I'm thinking about it because I'm noticing a whole lot of people who've been living a personal Black Eye Season for months, or maybe years, or maybe forever. I see it in my real life and among the people I follow in various internet forums. In nearly every case there's some half-hearted acknowledgement of overwhelming negativity, but in nearly every case at least some portion of it gets written off as iconoclasm and/or sassiness. For the record, sarcasm and/or irony are funny/cute/anything-except-poisonous when used sparingly or with genuine lightheartedness, and let me assure you it's apparent when the latter quality is legit. Subtlety is difficult to communicate in writing on the internet, but somehow bitterness comes through clear as day, even when the author tries to disguise it as a joke.
I'm a dark humor kind of gal. I like irony, sarcasm and the driest of dry jokes, so long as they're actually jokes, intended to be funny, and not just a pretend-happy way to vent one's spleen. I feel a Facebook/Twitter/Tumblr/anywhere-else-miserable-poison-people-spew-shit purge coming on.

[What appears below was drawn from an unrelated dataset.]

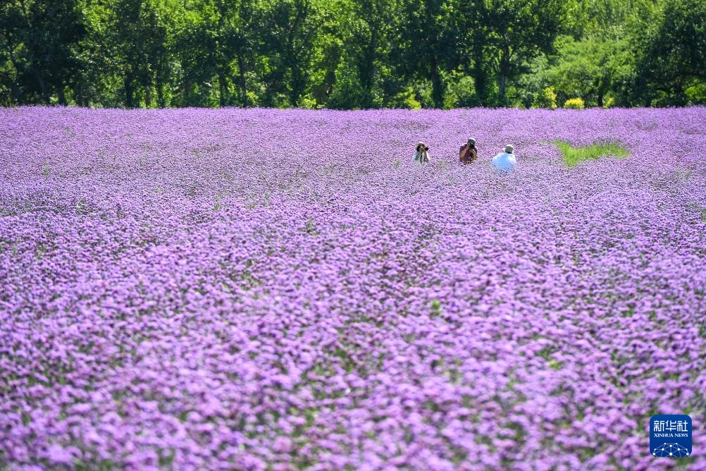 8月26日,游客在吉林省松原市查干湖花海拍照留念。

I have bad days, I grouse. But if I see more than one complain-y social media entry in a row out of myself, I know it's time to stop, center myself, and yes, silence myself until I've decided whether it's intention and passion speaking or just frustration and misery.

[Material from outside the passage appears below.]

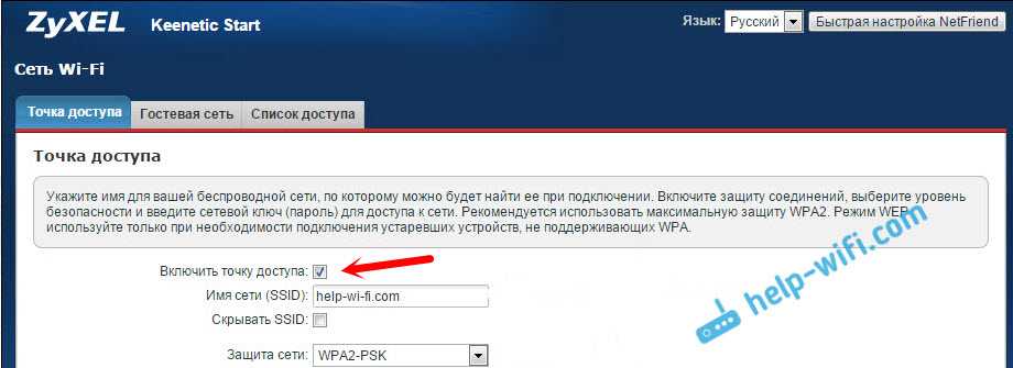 На ZyXEL Keenetic, в разделе «Wi-Fi сеть» должна стоять галочка возле пункта «Включить точку доступа».

So yes, the irony here is that this is a great big bitch about people bitching, but it's not an idle complaint. Part of my conscious decision to be positive involves a slightly cold, calculating approach to the attitudes I accept into my life. I've taken great pains to keep my eyes on the joyful-existence prize but I know myself well enough to know that I'm just too susceptible to external influences.